Сейчас я уже выздоровел. Рот сидит один у себя в квартире и смотрит в окно на дома. Почти стемнело. Он очень настойчиво осознает свое одиночество, вампир, нет покоя, он вплетен в родство с тишиной, заполняющей комнату. Стены и вещи невозмутимы и самодовольны, абсолютно самодостаточны и независимы от него, а небо и облака снаружи — они тоже никак не спасут. Небо — дом, оно ничем не поможет. Лучше провести жизнь, падая сквозь небеса, чем сквозь соляную кислоту. Если бы только он мог «забыть» о падении и насладиться прогулкой. Он начинает разговаривать с комнатой. Слушай, стена, я тебя люблю. Я знаю, я скучный и неприятный псих, но это пройдет. Я закрываю глаза и компонуюсь с креслом, потом открываю глаза из кресла. У нас действительно много общего. Я — стена. Дорогая стена, как целая цивилизация. Стена — это звук. Стена пристально смотрит. Такая бедная жизнь. Я — запоздалый ребенок. Отсталый в развитии. Лежу здесь один… моя соседка по комнате — стена, мой лоб. Я люблю тебя, я с тобой. Мы пойдем в город, где я смогу за тобой присмотреть. Когда я вхожу в эту комнату, между нами всегда — расстояние. Расстояния нет. Мы с тобой вместе пройдем по улицам. Какой-то мужчина толкает лодку из дока, когда мы проходим мимо. Мужчина подходит к нам и говорит, привет. «Привет», — отвечаю я. Падаю в обморок на асфальт, изнуренный любовью к тебе. Мне вызывают скорую. Рот лежит на асфальте в экстатическом трансе. Вокруг собралась небольшая толпа. Рот выглядит очень счастливым, глаза у него закрыты.

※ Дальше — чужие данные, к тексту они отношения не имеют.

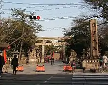 Sumiyoshi-ku (住吉区) is one of 24 wards of Osaka, Japan. It is located on the southern part of the Uemachi Plateau, in the southernmost part of Osaka City, and is separated from Sakai City's Sakai-ku and Kita-ku by the Yamato River. There are six rail lines, and three main thoroughfares - Abiko-Suji (which run north-south through the centre of the ward), Abeno-Suji (which continues north through the area of Tennoji) and Nagai Koen-Dori, which runs east-west and connects the area with the port to the west. The northern part of Sumiyoshi-ku is a residential area which is a continuation of the southern part of Abeno-ku. The Tezukayama 1-Chome neighbourhood in Abeno-ku, and Tezukayama-naka and Tezukayama-nishi neighbourhoods in Sumiyoshi-ku are upper-class residential areas. South of this, around the Sumiyoshi Grand Shrine, are the Sumiyoshi and Kamisumiyoshi neighbourhoods, home to many long established local families. Surrounding these are the middle-class residential neighbourhoods of Shimizugaoka, Suminoe, Oriono, Dairyo, Minamisumiyoshi, Yamanouchi, and Nagai, which lies at the eastern end of the ward. Sumiyoshi-ku is home to about 157,000 residents, and has a population density of 16,800 people per square kilometer.

— Он тут упал, потерял сознание, но я на него посмотрел, и он улыбался.
— Надыть рассказать Марте.
— С ним все нормально?
— Эй, что происходит?
— Смотрите, чтобы он язык себе не откусил.
— Да вроде бы с ним все в порядке.
— Что тут такое?
— Вроде бы он говорит «стена».
— Кстати, ты видел «Манчжурского кандидата»?
— Я так и думал, что что-то такое случится.
— Нет.
— Он целует свои руки.
— Ему надо в больницу.
— Абарата катуна агр злузабор.
Рот медленно поднимается на ноги, пошатываясь, как пьяный.
— О, моя стена.
— Ты слышал?
— Он пьяный.
— Эй… это же тот самый парень, я его видел однажды, в такой футболке с надписью «Убейте меня, пожалуйста».
— Он просто пьяный.
— У него кровь.
— С ним все в порядке.
— Эй, хочешь пива?
— От него вроде не пахнет.
— Надо было поставить машину, чтобы нормально послушать радио.
— Он сказал мне «привет», и он был трезвый.
— Слушай, Джени, у тебя печка работает?
— Ты слышал, как он сказал: «Спасибо тебе, стена»?
— Стена? Это который из Ессо?
— И че ты думаешь?
— Все равно он уже ушел.
— Это поколение с его отравленной слюной.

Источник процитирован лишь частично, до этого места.